## What you have to do
Beneath this line sits some data. Return only its lines from the one holding "长沙市住房和城乡建设委员会 关于印发《长沙市城区新建住宅供水设施 建设和管理办法实施细则》的通知" through the one holding "受中国南方电网超高压输电公司", inclusive, exactly, with the images removed.

## Material for this task
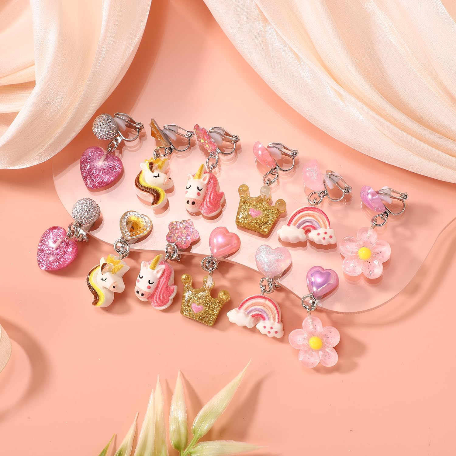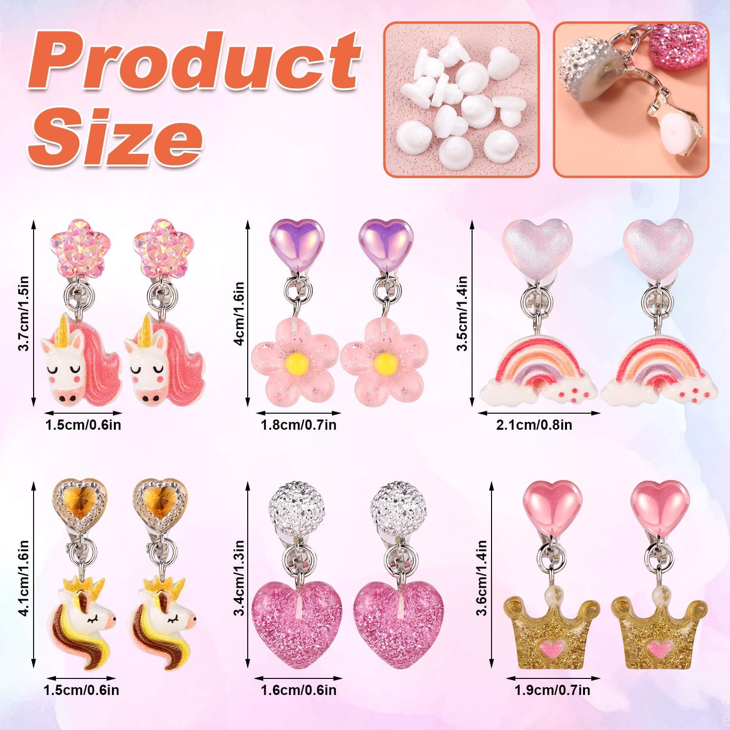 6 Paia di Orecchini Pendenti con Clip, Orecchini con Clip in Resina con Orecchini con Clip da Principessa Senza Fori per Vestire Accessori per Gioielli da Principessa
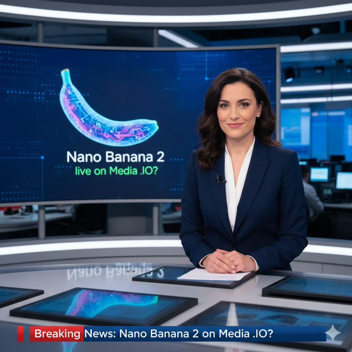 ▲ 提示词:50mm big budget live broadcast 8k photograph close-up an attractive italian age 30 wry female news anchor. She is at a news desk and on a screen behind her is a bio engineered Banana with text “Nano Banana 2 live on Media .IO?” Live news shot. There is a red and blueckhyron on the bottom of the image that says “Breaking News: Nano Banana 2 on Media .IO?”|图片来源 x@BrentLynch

...

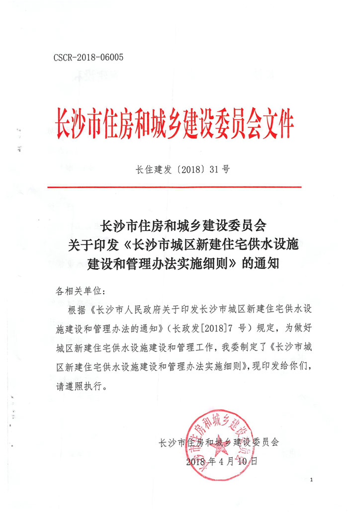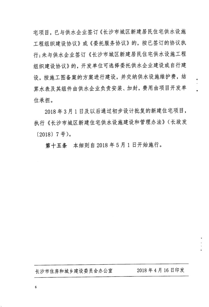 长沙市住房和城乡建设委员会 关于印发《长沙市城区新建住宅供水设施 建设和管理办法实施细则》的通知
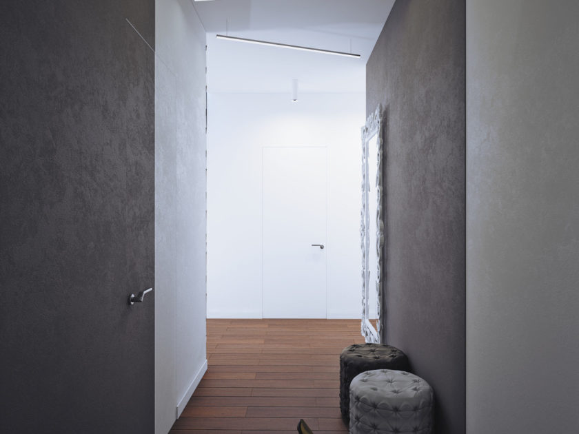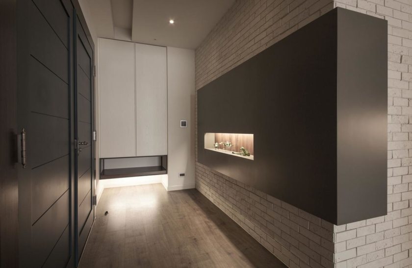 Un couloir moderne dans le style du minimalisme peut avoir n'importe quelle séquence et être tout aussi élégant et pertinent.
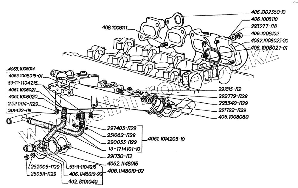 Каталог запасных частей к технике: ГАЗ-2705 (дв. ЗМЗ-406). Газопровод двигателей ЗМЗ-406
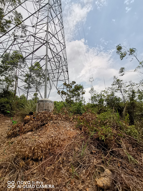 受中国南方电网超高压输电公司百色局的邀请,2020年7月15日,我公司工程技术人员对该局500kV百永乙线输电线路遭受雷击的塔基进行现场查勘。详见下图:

==

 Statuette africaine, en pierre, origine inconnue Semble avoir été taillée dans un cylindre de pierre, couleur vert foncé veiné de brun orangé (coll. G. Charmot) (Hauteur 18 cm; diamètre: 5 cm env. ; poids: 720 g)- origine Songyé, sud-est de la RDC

## Result for this exercise
 长沙市住房和城乡建设委员会 关于印发《长沙市城区新建住宅供水设施 建设和管理办法实施细则》的通知
 Un couloir moderne dans le style du minimalisme peut avoir n'importe quelle séquence et être tout aussi élégant et pertinent.
 Каталог запасных частей к технике: ГАЗ-2705 (дв. ЗМЗ-406). Газопровод двигателей ЗМЗ-406
 受中国南方电网超高压输电公司百色局的邀请,2020年7月15日,我公司工程技术人员对该局500kV百永乙线输电线路遭受雷击的塔基进行现场查勘。详见下图:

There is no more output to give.